If I have any complaint with this book, it is the author's excessive reliance on statistics (often repeating the same ones several times in different chapters). Surely, these are the products of those very social scientists she has wisely taught us to distrust. Far more persuasive is her own fierce prose when she allows herself free rein. "Nasty, poor, brutish, and short is how Hobbes described life in his imagined state of nature," she writes. "The therapeutic gurus don't speak Hobbes' language. Quite the reverse, they are the sultans of schmaltz, the heroes of the hug. . . . But by nurturing a moral code that effectively turns abandonment into a virtue and self-interest into the highest virtue, they create something like Hobbes' hell on earth, in which, lacking any common good to appeal to in dealing with one another, we are driven instead to use selfishness as the currency of all exchange."

Clearly, Ms.
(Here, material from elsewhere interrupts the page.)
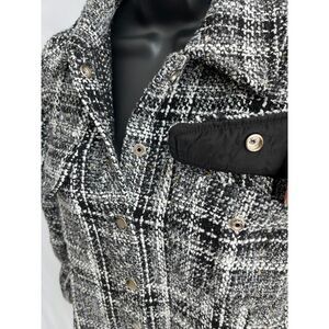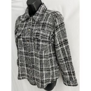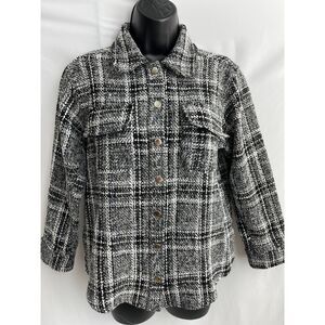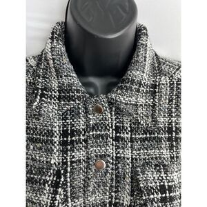 Lea & Viola Plaid Tweed Shirt M Essential Snap Buttons Black White Minimalist

Gallagher feels strongly about her subject, and one may wonder if some of her intensity comes from her own experience as an unwed mother. At least, that is what I think I understood from a few easily missable, oddly casual references to her own past. I confess I found these one-sentence personal revelations interesting but jarring. It might have been better to say much more-use her own experience as a sample case study, perhaps-or nothing at all.
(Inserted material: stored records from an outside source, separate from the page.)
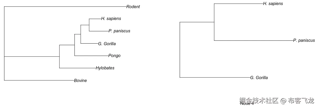 系统发育分析是生物学和生物信息学的基石。相关程序种类繁多且复杂,计算耗时,数据集通常庞大。许多程序是独立运行的,且拥有专有的输入和输出格式。这形成了一个复杂的生态系统,我们在处理系统发育数据时必须应对,意味着通常最简单的策略是使用多种工具组合来加载、转换并保存分析结果,以便能够在不同的软件包中使用它们。在这个操作中,我们将探讨如何在 R 中处理系统发育树数据。迄今为止,R 对各种树格式的支持较为有限,但一些核心包具有足够标准化的对象,工作流可以集中在少数几种类型上,且转换为这些类型的过程已经简化。我们将使用ape和treeio包来导入和导出树数据。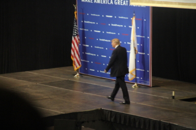 Trump walked confidently to the podium after being introduced as the large crowd cheer and chanted his name.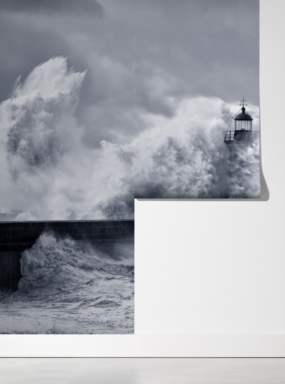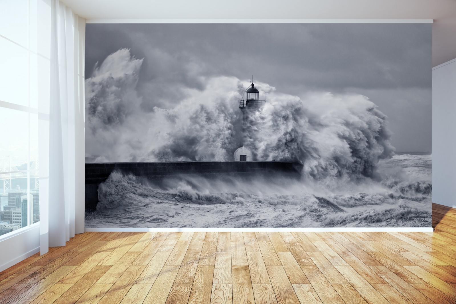 Poczuj surową siłę oceanu dzięki temu dramatycznemu, niebiesko-zanurzonemu zdjęciu latarni morskiej obleganej przez ogromne fale.

Toward the end of her book, the author makes several suggestions for reinvigorating marriage: she advocates ending no-fault divorce, thus returning official support to the partner who wants to preserve the union; once again permitting landlords to discriminate between married and unmarried couples; making marriage a requirement for adoption and foster care; reducing the tax burden on married couples (by tripling dependent exemptions); ending welfare for unmarried minors; and enabling couples to sign prenuptial agreements declaring their marriage permanent. This last, well-intended as it might be, strikes me as a bit bizarre, and potentially another legal and emotional nail in our language about and understanding of marriage. But right or wrong, the specificity and practicality of her ideas deserves commendation.
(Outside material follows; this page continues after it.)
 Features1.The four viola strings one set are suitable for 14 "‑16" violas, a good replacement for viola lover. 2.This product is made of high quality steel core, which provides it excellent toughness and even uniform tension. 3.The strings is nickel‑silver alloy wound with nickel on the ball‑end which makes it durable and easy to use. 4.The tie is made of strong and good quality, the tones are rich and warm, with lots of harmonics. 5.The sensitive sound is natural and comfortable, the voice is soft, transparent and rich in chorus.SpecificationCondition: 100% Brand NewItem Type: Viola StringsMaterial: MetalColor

Maggie Gallagher is politically nonpartisan (indeed she has complaints about both parties) but she is unabashedly Christian. Here she is on love: "To attempt to love just one other person the way God loves everyone. That is the seal, the aim, the substance of the marriage contract. Marriage is the incarnation of eros, the body of love. It is the psalms and the Song of Songs and it is the Crucifixion, or at least it is our aspiration to all of these things." Statistics, case studies, and thoughtful reasoning all point to the sort of world we are now creating. Could it be that only a fundamentally Christian understanding of love as sacrifice will be able to reverse the destructive course of American society?


Kari Jenson Gold is a writer and actress living in New York City.